Aside from the diversity of terminology, the diversity of plotting techniques is the aspect of DFIT analysis that most often causes confusion.
Why don’t we just make a Cartesian plot of pressure versus time? There are two primary reasons: (1) behaviors of interest occur at different timescales, making it impossible to observe everything on a single Cartesian plot and (2) some interpretations require observing subtle deflections in the pressure trend that are difficult to see without special plotting techniques.
Below is a figure showing a Cartesian plot of pressure versus time for a DFIT with a 10,000 hour shut-in period. Even the most skilled practitioner would have difficulty inferring much useful information from this plot.
In pressure transient analysis (generally, not just in analysis of DFITs), it is common to make a “log-log” plot of pressure change versus shut-in time. In a log-log plot, the x-axis and y-axis have a logarithmic scale. This allows changes over multiple pressure and time scales to be observed in a single plot. On the same figure, it is common to also plot the derivative of pressure with respect to the logarithm of shut-in time. This so called “derivative curve“ is useful because it has the convenient mathematical property that if pressure change scales with time to a power (ie, pressure = time^alpha), then the slope of the curve on a log-log plot will be that power (alpha). If pressure scale with the logarithm of time, then the logarithmic derivative curve is flat. These plots allow practitioners to easily diagnose processes occurring at different times during the transient. The slope of the derivative curve has specific meaning and physical interpretation.
On this plot, an experienced interpreter could identify several distinctive processes. For example, after about 30 hours, the derivative curve has as slope of -1/2, indicating impulse linear flow. The term “impulse linear“ has a specific physical interpretation, and the data during this period can be used to infer formation properties. For the first 0.01 hours, water hammer occurs (pressure oscillations in the well caused by abrupt shut-in).
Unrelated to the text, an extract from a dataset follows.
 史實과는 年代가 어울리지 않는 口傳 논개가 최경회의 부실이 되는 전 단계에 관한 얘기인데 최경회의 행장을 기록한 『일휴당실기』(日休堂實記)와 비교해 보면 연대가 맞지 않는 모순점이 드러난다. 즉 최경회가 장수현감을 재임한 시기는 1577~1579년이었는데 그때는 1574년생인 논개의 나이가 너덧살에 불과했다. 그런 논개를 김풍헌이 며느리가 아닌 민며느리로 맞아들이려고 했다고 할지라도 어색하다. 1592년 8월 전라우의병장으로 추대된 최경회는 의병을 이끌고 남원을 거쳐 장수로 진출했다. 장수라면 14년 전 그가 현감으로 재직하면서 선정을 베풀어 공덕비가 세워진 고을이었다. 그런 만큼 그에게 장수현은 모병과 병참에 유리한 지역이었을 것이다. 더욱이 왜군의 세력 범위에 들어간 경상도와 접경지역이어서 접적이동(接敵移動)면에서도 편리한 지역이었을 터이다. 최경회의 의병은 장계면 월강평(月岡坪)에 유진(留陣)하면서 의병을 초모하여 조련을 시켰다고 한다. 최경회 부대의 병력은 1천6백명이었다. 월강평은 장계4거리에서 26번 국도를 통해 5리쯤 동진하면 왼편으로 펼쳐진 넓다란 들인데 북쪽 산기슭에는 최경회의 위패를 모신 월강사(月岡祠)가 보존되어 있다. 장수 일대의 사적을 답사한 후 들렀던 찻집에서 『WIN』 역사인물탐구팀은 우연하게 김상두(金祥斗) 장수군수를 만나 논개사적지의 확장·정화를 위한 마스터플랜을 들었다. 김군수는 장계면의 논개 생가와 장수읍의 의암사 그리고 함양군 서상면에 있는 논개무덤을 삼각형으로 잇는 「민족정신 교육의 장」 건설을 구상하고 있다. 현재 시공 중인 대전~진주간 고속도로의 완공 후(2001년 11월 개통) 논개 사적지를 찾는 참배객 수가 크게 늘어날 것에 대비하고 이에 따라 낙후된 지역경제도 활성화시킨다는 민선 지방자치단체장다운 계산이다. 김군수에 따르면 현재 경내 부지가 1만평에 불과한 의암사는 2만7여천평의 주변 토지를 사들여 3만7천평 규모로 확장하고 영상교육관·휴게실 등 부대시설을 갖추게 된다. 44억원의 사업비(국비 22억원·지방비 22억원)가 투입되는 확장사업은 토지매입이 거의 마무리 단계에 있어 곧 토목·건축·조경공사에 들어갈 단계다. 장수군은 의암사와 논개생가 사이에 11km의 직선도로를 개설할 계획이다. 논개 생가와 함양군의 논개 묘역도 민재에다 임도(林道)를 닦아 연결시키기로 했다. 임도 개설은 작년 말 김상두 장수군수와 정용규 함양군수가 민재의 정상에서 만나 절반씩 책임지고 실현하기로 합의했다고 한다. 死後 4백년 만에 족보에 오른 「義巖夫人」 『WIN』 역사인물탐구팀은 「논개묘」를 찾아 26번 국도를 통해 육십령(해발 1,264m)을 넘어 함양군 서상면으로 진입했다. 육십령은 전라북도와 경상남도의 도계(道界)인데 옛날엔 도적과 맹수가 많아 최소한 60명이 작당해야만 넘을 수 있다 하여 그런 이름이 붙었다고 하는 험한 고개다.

Often, the derivative is taken with respect to a specialized function called “superposition time” or “Horner time”. This technique was originally developed for conventional (non-fracturing) pressure transient tests as a way of adjusting for injection rate changes prior to the start of the transient. This technique, which relies on the application of a mathematical principle called “superposition,” behaves differently when applied to fracturing tests (specifically, because the propagation of the fracture during injection violates the assumptions justifying the superposition of constant rate transient solutions). In my opinion, for DFITs, taking the derivative with respect to superposition time makes the interpretation more complicated, less intuitive, and does not add diagnostic value. On the other hand, I do believe it is a useful technique for interpreting conventional well tests (tests in which a fracture is not formed). Taking the derivative with respect to superposition time causes the derivative plot to curve upward when shut-in duration is equal to injection duration. When applied to a DFIT, this upward curve is a “spurious” deflection in the sense that it is an artifact of the method taking the derivative and does not represent an actual reservoir process. I recently wrote a paper for SPE Reservoir Engineering & Evaluation on this topic of superposition time derivative plots. The paper can be downloaded here: https://www.onepetro.org/journal-paper/SPE-186098-PA.
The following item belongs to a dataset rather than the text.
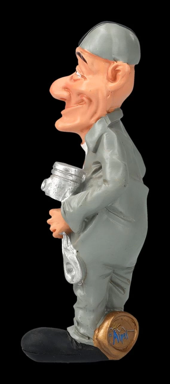 Auf zur Werkstatt Ihres Vertrauens. Der Mechaniker hat auf jeden Fall schon mal das passende Ersatzteil in der Hand. Die witzige kleine Funny Job Figur eines Mechanikers wurde aus handbemaltem Kunststein (Polyresin) gefertigt und ist 9,5 cm hoch, 3,5 cm breit und 2,5 cm tief. Sie sind mit Ihrer Werkstatt zufrieden? Dann ist der Mechaniker als lustige Deko das perfekte Geschenk.

When you look at a log-log plot of a DFIT transient, the first thing you should do is determine whether derivative was taken with respect to shut-in time or superposition time. This is a frequent source of confusion. It is possible to interpret DFITs from plots with derivative taken with respect to superposition time, but it is tricky and requires understanding nuances that are often missed by practitioners. I recommend taking derivative with respect to actual shut-in time. This avoids the spurious deflection and preserves the useful property that the slope of the line corresponds to the scaling of the pressure trend with time.
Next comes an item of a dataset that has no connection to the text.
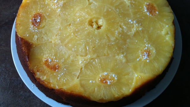 Beurrez un moule à manquer, déposer les tranches d'ananas et verser la préparation dans le moule.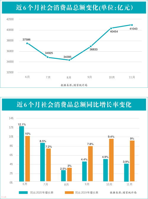 “不谋全局者,不足以谋一城”,何谓“全局”?可以先看数据。在消费端,今年1月~11月,社会消费品零售总额39.9554万亿元,比2020年1~11月增长13.7%,比2019年1~11月份增长8.2%。按国家统计局贸易外经司统计师付加奇的解读,这不俗的增长率里,“升级类和基本生活类商品”的销售增势较好、增速加快。

G-function plots are very useful and widely used. We’ve written more about the G-function here. In these plots, pressure is plotted with respect to a special function of time called the G-function. It is common to also plot the derivative of pressure with respect to the logarithm of G-time (which is identical to G-time multiplied by the derivative of pressure with respect to G-time, G*dP/dG). The curves on the derivative are used to identify fracture closure and other processes.
According to the ideal Nolte derivations, the plot of pressure versus G-time should form a straight line prior to closure. The G*dP/dG plot should also form a straight line. Unfortunately, pressure and G*dP/dG are very often curving. In shale, G*dP/dG is usually curving upward, as shown in the figure. The interpretation of these curving plots has inspired controversy, a topic that will be addressed in a later post.